» WHAT THE TASK ASKS
Nothing but the lines from the start of the entries below through the line containing "同時,法律加強遏止違規行為及" should appear in the answer, copied exactly and free of pictures.

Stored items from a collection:
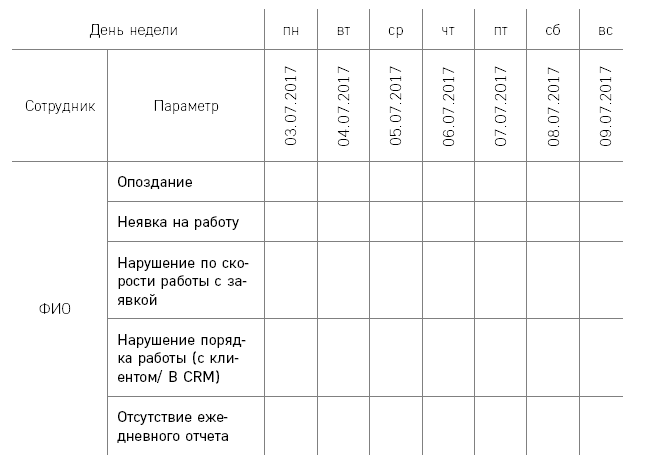 В нем указывается ФИО менеджера по продажам, список нарушений, даты проведения контроля. Чтобы обозначить совершенное нарушение, менеджер ОКК ставит цифру «1» на пересечении даты и вида нарушения. В примечании указывается расшифровка к нарушению: id сделки, в которой нарушение, фактическое время прихода сотрудника на работу или дата, за которую не отправлен ежедневный отчет.
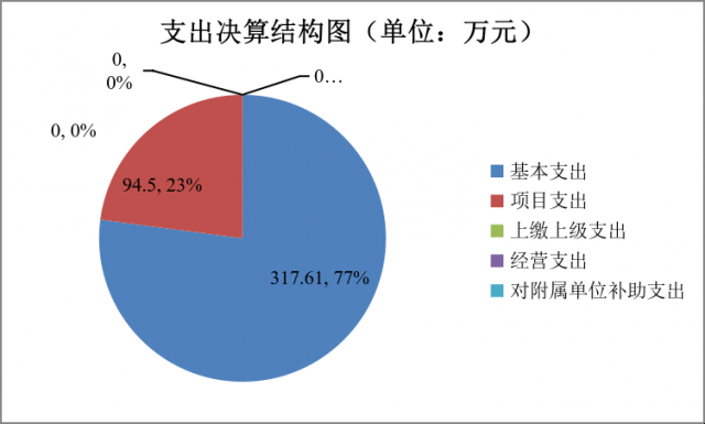2024年度本年支出合计412.11万元,其中:基本支出317.61万元,占77.07%;项目支出94.5万元,占22.93%;上缴上级支出0万元;经营支出0万元;对附属单位补助支出0万元。
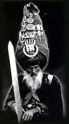 therefore, the absolute minimum is to have a kirpan; loosely translated as a single edged blade. this can be anything from 3 inches to 3 feet. Traditionally, a Sikh would carry his kirpan, as well as many other arms. if you look at the pictures I posted above, the first picture (left) you can see that as well as being armed with chakrams, he also carries what appears to be a pistol under his left arm, a firangi and a chrillanum in his Kamarcussa (waistband). one of these may be his kirpan, or be supplementary to it.
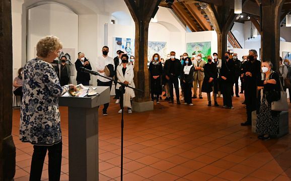 Zunächst stellte sie den Namensgeber des Preises vor. Paul-Heinrich Ebell war Kunsterzieher am Bad Waldseer Gymnasium und betätigte sich als freier Künstler. Er wirkte fünfzig Jahre in Bad Waldsee. Dabei initiierte er „Die kleine Galerie“, damals in den Räumlichkeiten des Elisabethenbades, heute zuhause im Haus am Stadtsee.
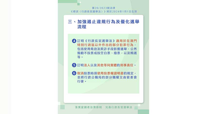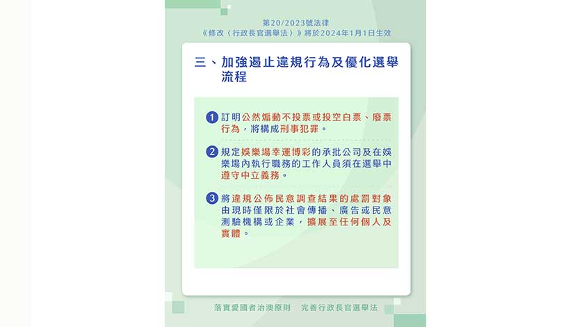 同時,法律加強遏止違規行為及優化選舉流程,訂明公然煽動不投票或投空白票、廢票行為,將構成刑事犯罪;訂明《行政長官選舉法》適用於在澳門特別行政區以外作出的部分犯罪行為,包括使用脅迫及欺詐手段影響選舉、公然煽動不投票或投空白票、廢票,以及賄選等;將違規公佈民意調查結果的處罰對象由現時僅限於社會傳播、廣告或民意測驗機構或企業,擴展至任何個人及實體;訂明法人及其他等同實體的刑事責任。
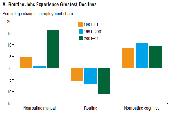 My last post reported on a new book by James Bessen, “Learning by Doing: the real connection between innovation, wages and wealth.”  It makes several recommendations for how the U.S. can better meet the challenges posed by the hollowing out of the middle class, as illustrated in the chart just below from the Dallas Federal Reserve.
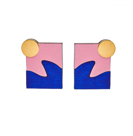 New Wave earrings in handpainted lasercut birchwood ply and with a brass circle. Brand new design for 2021 to usher in a new era! Design is based on an ocean wave at sunset. Colours may vary slightly to photograph due to texture of wood. Earrings use a stainless steel ear pin.
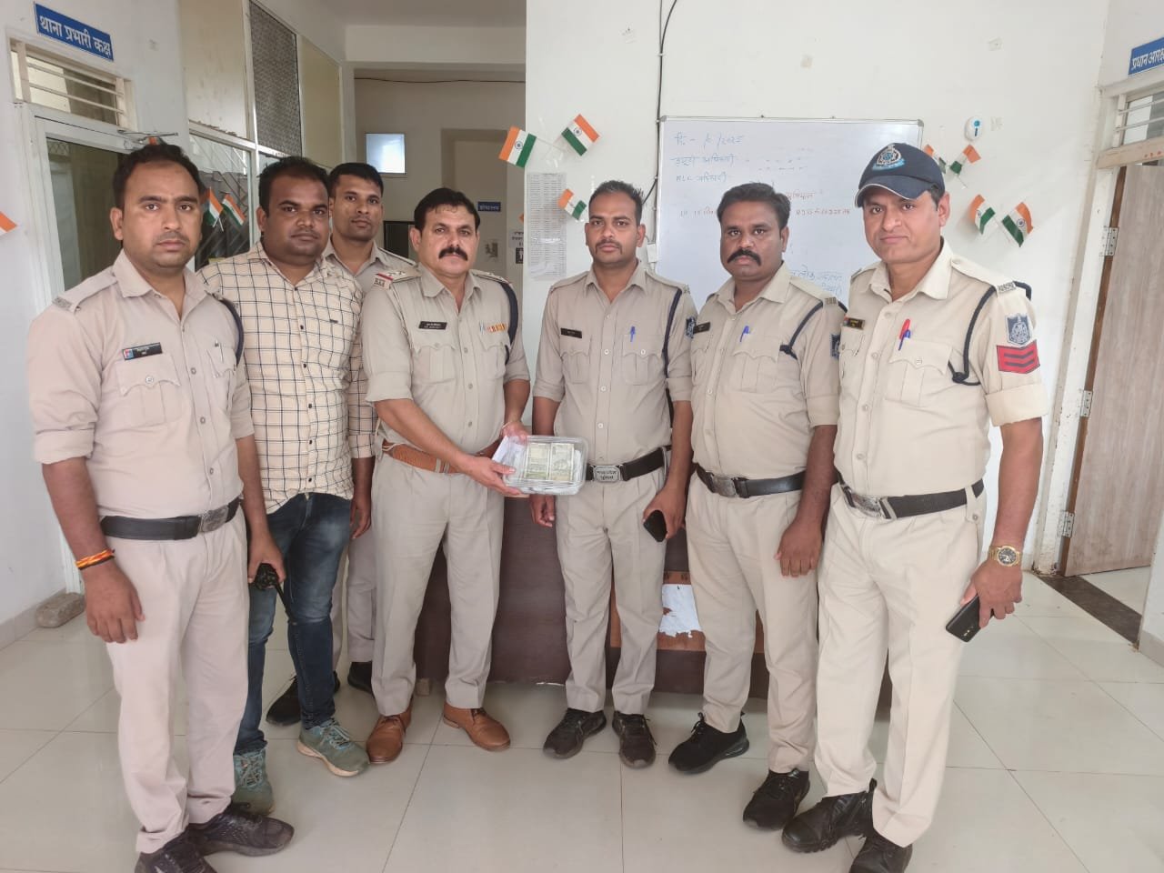 कृषि उपजमंडी परिसर बघाना से चोरी गये नगदी 02 लाख रूपये को 24 घंटे के अंदर जप्त करने में बघाना पुलिस को मिली सफलतापुलिस अधीक्षक श्री अंकित जायसवाल के द्वारा संपत्ति संबंधी गभीर अपराधों में तत्काल कार्यवाही करने हेतु निर्देशित किया गया था, जो अतिरिक्त पुलिस अधीक्षक श्री नवलसिह सिसोदिया एवं नगर पुलिस अधीक्षक महोदय सुश्री किरण चौहान के मार्गदर्शन एवं थाना प्रभारी बघाना श्री नीलेश अवस्थी को नेतृत्व में थाना बधाना पुलिस द्वारा मुखबीर सूचना प तकनीकी विश्लेषण के आधार पर कृषि उपजमंडी परिसर बघाना से चोरी गये नगदी 02 लाख रूपये को 24 घंटे के अंदर जमा करने में सफलता हासिल की है।

» TASK ANSWER
 В нем указывается ФИО менеджера по продажам, список нарушений, даты проведения контроля. Чтобы обозначить совершенное нарушение, менеджер ОКК ставит цифру «1» на пересечении даты и вида нарушения. В примечании указывается расшифровка к нарушению: id сделки, в которой нарушение, фактическое время прихода сотрудника на работу или дата, за которую не отправлен ежедневный отчет.
2024年度本年支出合计412.11万元,其中:基本支出317.61万元,占77.07%;项目支出94.5万元,占22.93%;上缴上级支出0万元;经营支出0万元;对附属单位补助支出0万元。
 therefore, the absolute minimum is to have a kirpan; loosely translated as a single edged blade. this can be anything from 3 inches to 3 feet. Traditionally, a Sikh would carry his kirpan, as well as many other arms. if you look at the pictures I posted above, the first picture (left) you can see that as well as being armed with chakrams, he also carries what appears to be a pistol under his left arm, a firangi and a chrillanum in his Kamarcussa (waistband). one of these may be his kirpan, or be supplementary to it.
 Zunächst stellte sie den Namensgeber des Preises vor. Paul-Heinrich Ebell war Kunsterzieher am Bad Waldseer Gymnasium und betätigte sich als freier Künstler. Er wirkte fünfzig Jahre in Bad Waldsee. Dabei initiierte er „Die kleine Galerie“, damals in den Räumlichkeiten des Elisabethenbades, heute zuhause im Haus am Stadtsee.
 同時,法律加強遏止違規行為及優化選舉流程,訂明公然煽動不投票或投空白票、廢票行為,將構成刑事犯罪;訂明《行政長官選舉法》適用於在澳門特別行政區以外作出的部分犯罪行為,包括使用脅迫及欺詐手段影響選舉、公然煽動不投票或投空白票、廢票,以及賄選等;將違規公佈民意調查結果的處罰對象由現時僅限於社會傳播、廣告或民意測驗機構或企業,擴展至任何個人及實體;訂明法人及其他等同實體的刑事責任。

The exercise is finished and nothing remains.